Первый акт.На сцене с самого прихода зрителей лежат недвижимые тела. Пришедший без всяких звонков (кроме предупреждения о неприемлемости мобильников) человечек расставляет «трупики» на означенные им позиции. Девицу с пола он кружит в вальсе, мужчину на полу пинает ногой, мадемуазель, усаженную верхом на клетку с обнаженною грудью, прикрывает целомудренно белой простынёй. Вложив микрофоны в руки каждого из четырех «изваяний», он объявляет зрителям, что их вниманию представлена сегодня «Die Dreigroschenoper», после чего изваяния начинают петь первый зонг из простых «па-па!» на разные лады и голоса. Всё это служит лишь началом совершенно безбашенного лицедейства актёров, в осовремененном квартале Сохо, превращенном в нечто среднее, между Лондоном, Берлином и современной Москвой.

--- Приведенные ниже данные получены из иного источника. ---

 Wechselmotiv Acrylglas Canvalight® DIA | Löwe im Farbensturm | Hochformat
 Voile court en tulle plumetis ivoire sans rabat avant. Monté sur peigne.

С равным восторгом зритель приветствует и Джонатана Пичема (Николай Чиндяйкин), поющего зонг о том, как тяжело организовать сброд при помощи христянейшего принципа «да не оскудеет рука дающего», чтобы заработать как можно больше бабла на сочувствии прохожих. И жену Пичема (Марина Голуб), с ногами как тумбы, вечно пьяную в хлам, подпевающую мужу в зонге о том, какая же непутёвая дура их дочурка, что приняла предложения такого бабника и мерзавца-душегуба, как Мекки-нож. Их дочурка впервые появляется в компании самого долгожданного и обожаемого Мекки, которого кажется герои пьесы любят никак не меньше зрителей, если учитывать, что Мекки играет Константин Хабенский. Периодически меняя лайковые белые перчатки, Мекки вынимает нож на сей раз лишь с тем, чтобы разрезать скотч на запястьях суженой. Полли Пичем (Ксения Лаврова-Глинка) счастлива до одури и боится испортить праздник, поэтому всякий раз, как Мекки готовиться выйти из себя от несовершенства мира и начинает нервно снимать перчатку, что, судя по висящим у него на локтях товарищам, явно не сулит ничего хорошего, Полли успокаивает жениха лаской.

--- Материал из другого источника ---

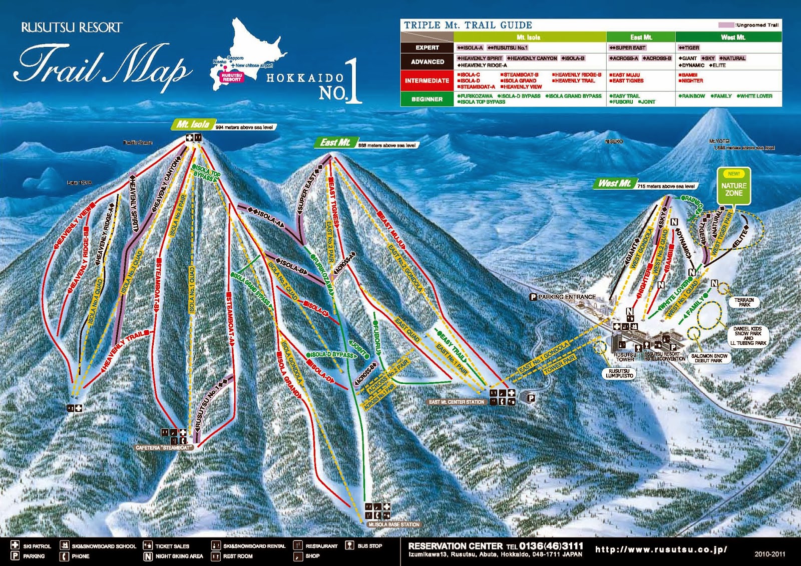 Rusutsu tiene dos zonas perfectamente diferenciadas, la que esta pegada al Resort (Zona Oeste), y otra que esta al otro lado de la carretera a la cual se llega después de subir en un telecabina (Zona Este)

Пришедший шериф Тигр-Браун (Алексей Кравченко) не только не срывает праздника бандюков, но даже оказывается желанным гостем. Дуэт бывших сослуживцев Брауна и Мекки просто повергает зал в состояния неистового восторга, а то, с какими чувственными взглядами «братья»-однополчане прощаются, вообще вызывает гомерический хохот, особенно, конечно, уход Брауна с новыми часами и ковром.
Зонг о бедной посудомойке, ждавшей корабль «с парусами и полусотней орудий», который к чертям разнесет город, переубивает всех жителей и заберет её с собой, соизволяет исполнить и Полли. Окрестив арию любимой «высоким искусством», Мекки устраивает романтический вечер с огромным, выплывающим в зал бумажным парящим световым шаром Луны и катанием на продуктовых тележках, сопровождающимся зонгом о вечности их любви. Прелесть, что и говорить. Но далее следуют недовольные зонги родителей Полли, которые во что бы то ни стало решают сдать Мекки в полицию, запугать шерифа и освободить дочь от позора быть «подстилкой» опаснейшего городского душегуба.

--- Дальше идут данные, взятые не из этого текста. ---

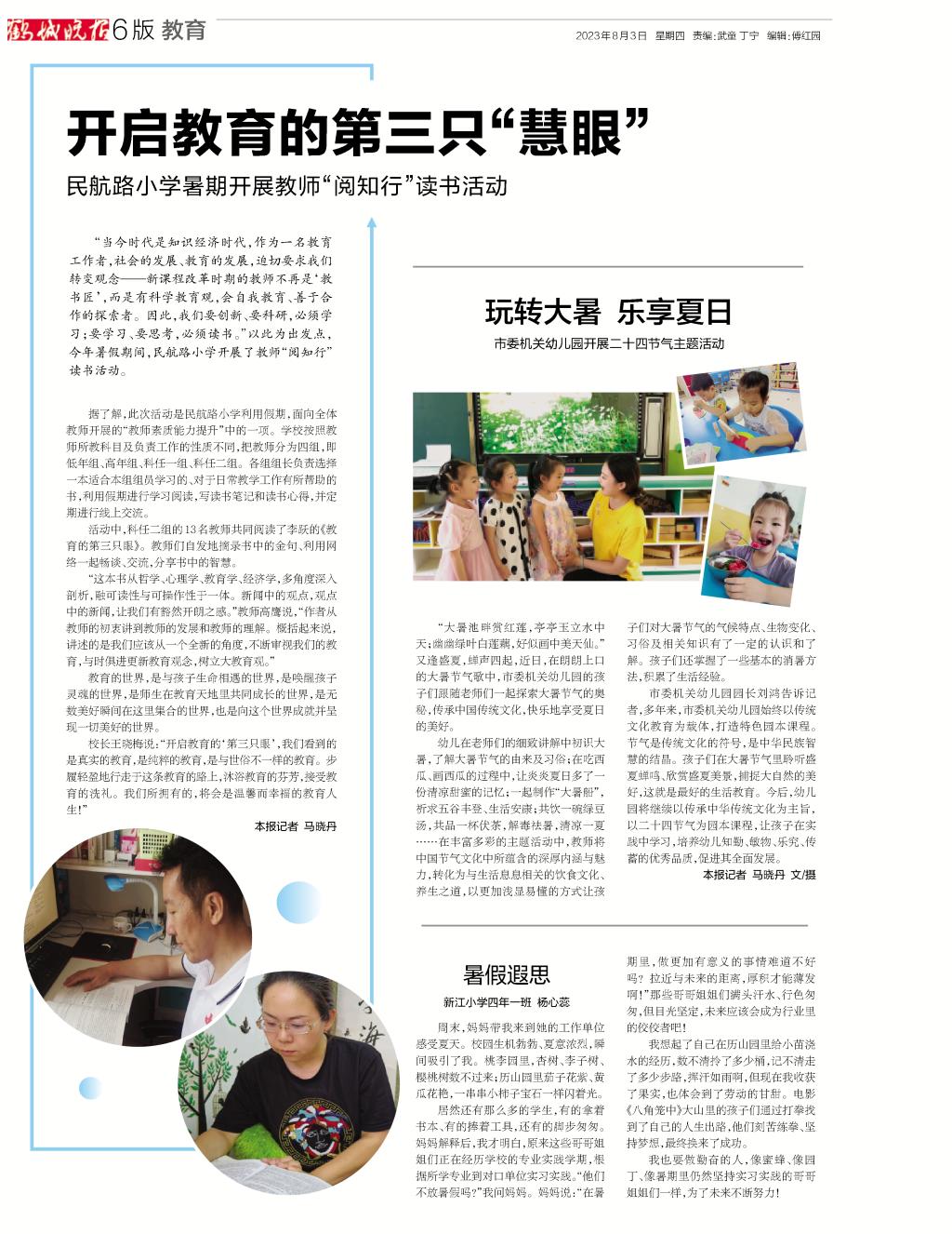 鹤城晚报发表子弟学校学生作文《暑假遐想》

Мекки узнает от новоиспеченно супруги о злом замысле родителей и о том, что они уже достигли успехов в запугивании оказавшегося весьма нежным Тигра-Брауна. Меккет решает бежать, но передав все дела и перепоручив всех сподручных жене, он допускает ошибку и идет к проституткам...
Акт второй. Скелет в фуражке и с мигалкой на сцене, зелёная клетушка советского изолятора на колёсиках, а так же явно выдвигающиеся на сцену штук шесть диванов по краям. Естественно они тут же выезжают на сцену, едва появляется группа разодетых путан, обсуждающих бельё и обнаруживших у себя в постели промокшего под дождем Меккета, желающего получить причитающееся ласки от хозяйки борделя. Все готовы отдаться Мекки, но он дожидается прихода хозяйки в спорт-костюме адидас)) Старая подруга-проститутка Дженни (роскошная Янина Колесниченко), сбросив костюм, под которым было прекрасный пеньюар, и спев зонг о славных временах, когда Мекки был её сутенером и любовником (ну как Вийон с Толстухой-Марго, ей-ей!), без зазрения чего бы то ни было сдает Меккета копам, которых привела матушка его жены Полли. Копы заворачивают Меккета в пищевую плёнку и радостно уносят со сцены. А миссис Пичем (Марина Голуб, как было сказано) исполняет зонг о том, что у мужиков в голове одни... шлюхи, вставляя это целомудренное слово, всякий раз, как рифма велела бы вставить слово на букву «б», о котором догадывается лишь пошловатая часть зала))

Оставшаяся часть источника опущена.